Chapter 27, Problem 85PQ

The circuit in Figure P27.85 shows four capacitors connected to a battery. The switch S is initially open, and all capacitors have reached their final charge. The capacitances are C₁ = 6.00 μF, C₂ = 12.00 μF, C₃ = 8.00 μF, and C₄ = 4.00 μF. a. Find the potential difference across each capacitor and the charge stored in each. b. The switch is now closed. What is the new final potential difference across each capacitor and the new charge stored in each?

Figure P27.85

To determine

The potential difference across the capacitors and the charge stores in each capacitor.

Answer to Problem 85PQ

The charge stored in $C_1$, $C_2$ is $40.0\mu \text{C}$ and $C_3$, $C_4$ is $26.7\mu \text{C}$.

The potential difference across the capacitors $C_1$, $C_4$ is $6.67\text{V}$ and $C_2$, $C_3$ is $3.33\text{V}$.

Explanation of Solution

The circuit diagram,

Since, the capacitors $C_1$ and $C_2$ are connected in series; the charge on each will be same.

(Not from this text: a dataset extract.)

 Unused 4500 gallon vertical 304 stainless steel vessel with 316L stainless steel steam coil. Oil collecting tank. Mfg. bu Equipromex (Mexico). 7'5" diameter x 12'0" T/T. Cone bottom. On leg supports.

Write the expression to find the equivalent capacitance on $C_1$ and $C_2$ combination.

  $C_{eq}=\frac{C_1{C}_2}{C_1+C_2}$

Here, $C_{eq}$ is the equivalent capacitance.

Substitute $6.00\mu \text{F}$ for $C_1$ and $12.00\mu \text{F}$ for $C_2$ to find the equivalent capacitance on $C_1$ and $C_2$ combination.

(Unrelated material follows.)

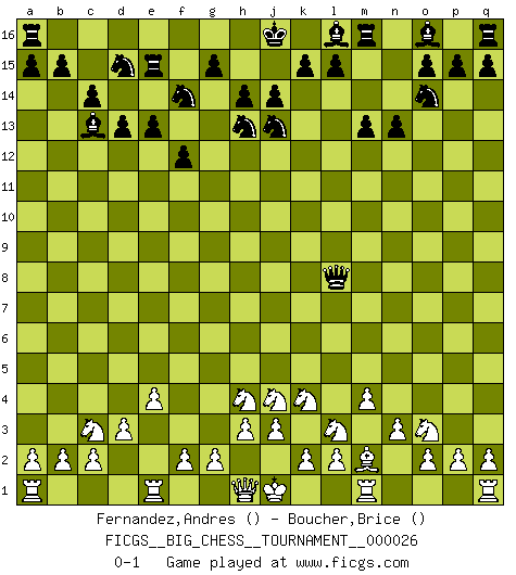 Last move : 0-1 2008 September 25 1:15:44 [Event "FICGS__BIG_CHESS__TOURNAMENT__000026"] [Site "FICGS"] [Date "2008.08.16"] [Round "1"] [White "Fernandez,Andres"] [Black "Boucher,Brice"] [Result "0-1"] [WhiteElo ""] [BlackElo ""] 1.d2-d3 e15-e13 2.e2-e4 d15-d13 3.g1-f3 f16-c13 4.p1-o3 f15-f13 5.n2-n3 f13-f12 6.o1-b13 c15-c14 7.b13-d11 g16-f14 8.d11-g14 e16-e15 9.c1-l9 k16-l14 10.k1-l3 l14-j13 11.g14-l10 j15-h13 12.f1-e2 h16-l13 13.l9-f14 h15-f14 14.f3-h4 l13-l10 15.b1-c3 c16-l8 16.e2-l8 l10-l8 17.j2-k4 n15-n13 18.m2-m4 m15-m13 19.h2-j4 b16-d15 20.l1-m2 p16-o14 0-1 Follow this game move after move (download)My opponents make good moves too. Sometimes I don't take these things into consideration. (Bobby Fischer) Es ist im Leben wie im Schachspiel. Wir entwerfen einen Plan, dieser bleibt jedoch bedingt durch das, was im Schachspiel dem Gegner, im Leben dem Schicksal zu tun belieben wird. (Arthur Schopenhauer) No volvere nunca a jugar contigo. Has insultado a mi amigo. - cuando un oponente se maldijo por una mala jugada (Miguel Najdorf) Je menace de comprendre la position. (Anonyme) In every real man a child is hidden that wants to play. (Friedrich Nietzsche)

  $\begin{array}{c}{C}_{eq}=\frac{\left(6.00\mu \text{F}\right)\left(12.00\mu \text{F}\right)}{6.00\mu \text{F}+12.00\mu \text{F}}\\ =4.00\mu \text{F}\end{array}$

Write the expression to find the charges on $C_1$ and $C_2$.

  $\begin{array}{c}{Q}_1=Q_2\\ =C_{eq}V\end{array}$

Here, $Q_1$ is the charge on $C_1$, $Q_2$ is the charge on $C_2$, $V$ is the voltage.

Substitute $4.00\mu \text{F}$ for $C_{eq}$ and $10.0\text{V}$ for $V$ to find the charges on $C_1$ and $C_2$.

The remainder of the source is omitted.